Четверых, оставшихся в угловой палате, непогода чаще держала в помещении. Неприютно, скучно, зевотно…
— Петр Ануфриевич, — обращается Боря Басаргин к майору Щатенко, — вы так вот всю жизнь — военный?
Петр Ануфриевич закрыл книгу, оставив в ней палец вместо закладки, хрустко, со вкусом потянулся. Читать ему надоело, и он не прочь поболтать. Отозвался:
— Всю жизнь, Борька. Счастливые люди в рубашках родятся, а меня вот в сапогах и гимнастерке на свет произвели. Поп, когда крестил, хотел и отпеть заодно, поскольку, говорит, служивый — ему так и так убиту быть.
— А если без этого, как его…
— Без глупостей? Без глупостей, Борька, всю жизнь я не мог быть военным. Тридцать три года — не вся жизнь. Если и убьют сегодня или завтра, все равно — не вся. Двадцать три из этой жизни взяли школа да институт.

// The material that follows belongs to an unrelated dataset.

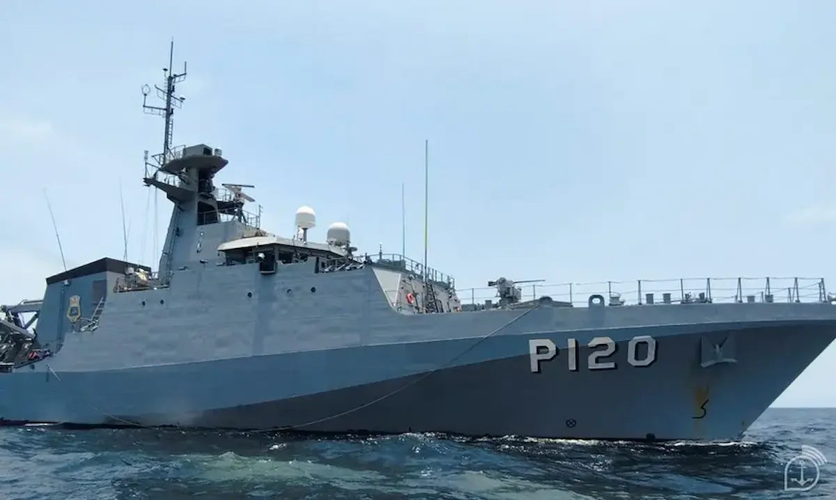 Navio da Marinha do Brasil, com destaque para a embarcação P120 em águas abertas.

— Десять лет — тоже немало.
— Много, Борька. Если учесть, что в училище всего два года, а остальное время на войне, то очень много. С басмачами на границе, летом тридцать девятого — Халхин-Гол, зимой того же года — на финской. Только подлечился после ранения — эта война началась. Два раза под пули попадал, а на третий раз вон какую железину в меня всадили, — Петр Ануфриевич дотянулся до тумбочки, постучал похожим на морскую раковину осколком.
— В институте вы на кого выучились, товарищ майор?
— Ни на кого не выучился, Борька. Болтался, как цветок в проруби. Поступил на физико-математический, через полгода в историки подался, потом журналистикой увлекся, а после третьего курса совсем с институтом расстался. Решил писателем стать. Накатал роман страниц на семьсот, отнес в издательство. Жду, когда перевод на тыщи рублей придет. Пришла открытка: прочитали, приходите. Стали мне про Пушкина, про Толстого говорить, а когда про Гоголя помянули, я сгреб свою рукопись и спрашиваю: «Где тут у вас печка? Хочу на Гоголя походить». С тех пор мечту о романах забросил, а рассказы и сейчас пишу.
— Печатают в книжках?
— Нет, Борька, не печатают, — Щатенко спустил ноги на пол, сел. — Никак не угодишь им. Очень короткие, говорят. А длинные я боюсь писать — вдруг опять на роман потянет.
— Прочитайте какой-нибудь.
— Прочитать можно, только вот какой? — Щатенко раздумчиво потер висок.
Боря перебрался к нему на койку, пристроился рядом, спросил:
— А где он у вас, с чего читать будете?
Щатенко вынул забытый меж страниц палец, положил книжку на тумбочку, чтобы не перелистнулась, придавил ее снарядным осколком.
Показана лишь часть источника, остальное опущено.